== DESCRIPTION OF THE TASK ==
With pictures left out, output exactly the lines from the line holding "[11553147]V7 7传说 121英雄" through the end of the data, both included.

== STORED DATA ==
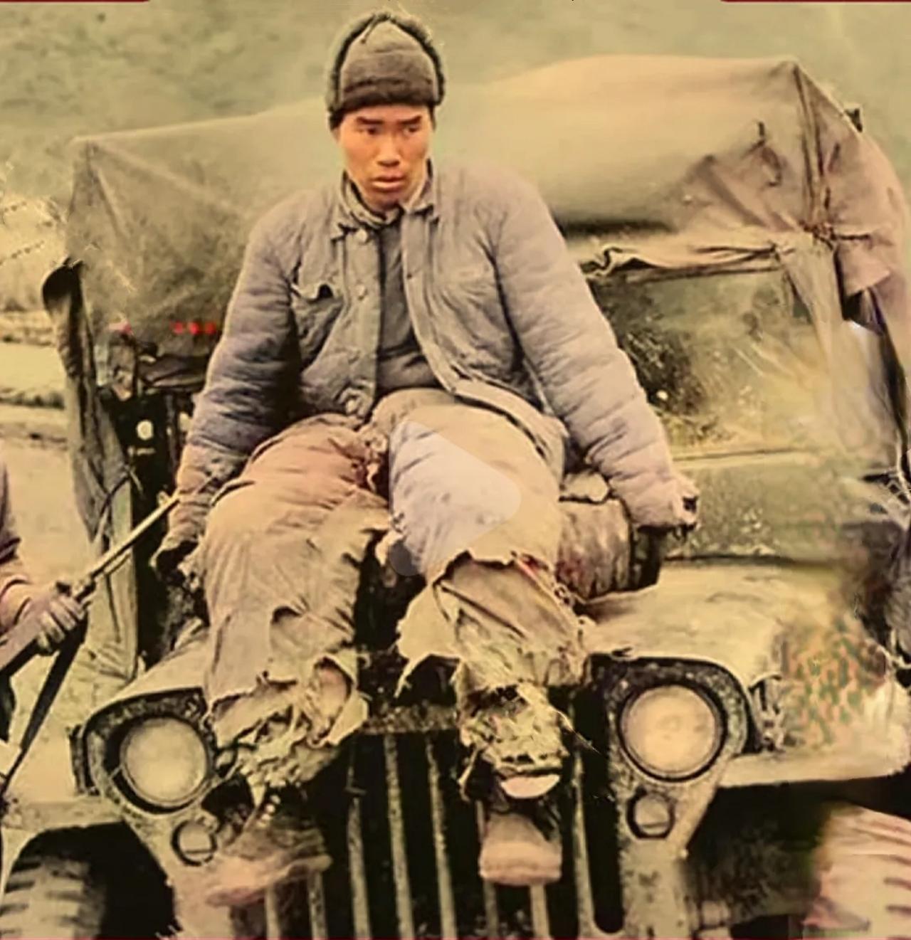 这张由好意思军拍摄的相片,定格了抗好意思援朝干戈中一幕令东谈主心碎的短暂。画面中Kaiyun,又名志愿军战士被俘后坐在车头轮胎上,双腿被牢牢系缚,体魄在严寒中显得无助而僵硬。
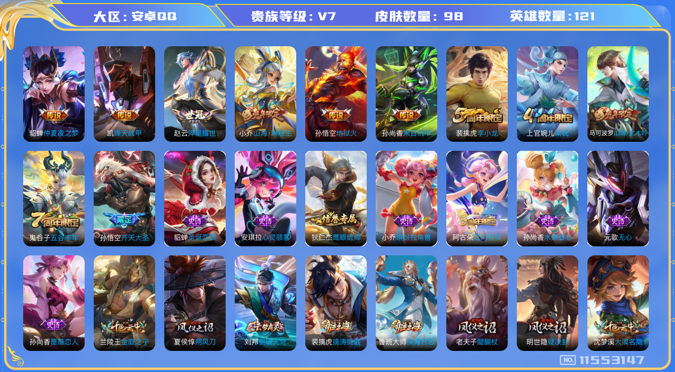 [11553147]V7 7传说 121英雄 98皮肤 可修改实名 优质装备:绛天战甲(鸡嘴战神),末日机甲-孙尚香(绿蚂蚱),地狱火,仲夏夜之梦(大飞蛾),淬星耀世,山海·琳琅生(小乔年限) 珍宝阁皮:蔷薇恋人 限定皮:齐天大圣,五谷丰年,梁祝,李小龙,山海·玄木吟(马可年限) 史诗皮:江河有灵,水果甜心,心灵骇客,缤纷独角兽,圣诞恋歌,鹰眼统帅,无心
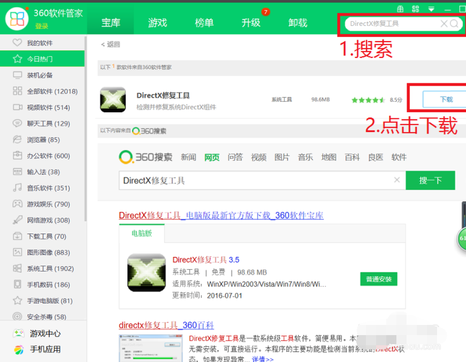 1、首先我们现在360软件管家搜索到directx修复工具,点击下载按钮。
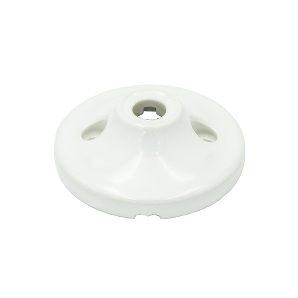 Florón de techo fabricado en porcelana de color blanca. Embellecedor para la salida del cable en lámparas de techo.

== WRITTEN SOLUTION ==
 [11553147]V7 7传说 121英雄 98皮肤 可修改实名 优质装备:绛天战甲(鸡嘴战神),末日机甲-孙尚香(绿蚂蚱),地狱火,仲夏夜之梦(大飞蛾),淬星耀世,山海·琳琅生(小乔年限) 珍宝阁皮:蔷薇恋人 限定皮:齐天大圣,五谷丰年,梁祝,李小龙,山海·玄木吟(马可年限) 史诗皮:江河有灵,水果甜心,心灵骇客,缤纷独角兽,圣诞恋歌,鹰眼统帅,无心
 1、首先我们现在360软件管家搜索到directx修复工具,点击下载按钮。
 Florón de techo fabricado en porcelana de color blanca. Embellecedor para la salida del cable en lámparas de techo.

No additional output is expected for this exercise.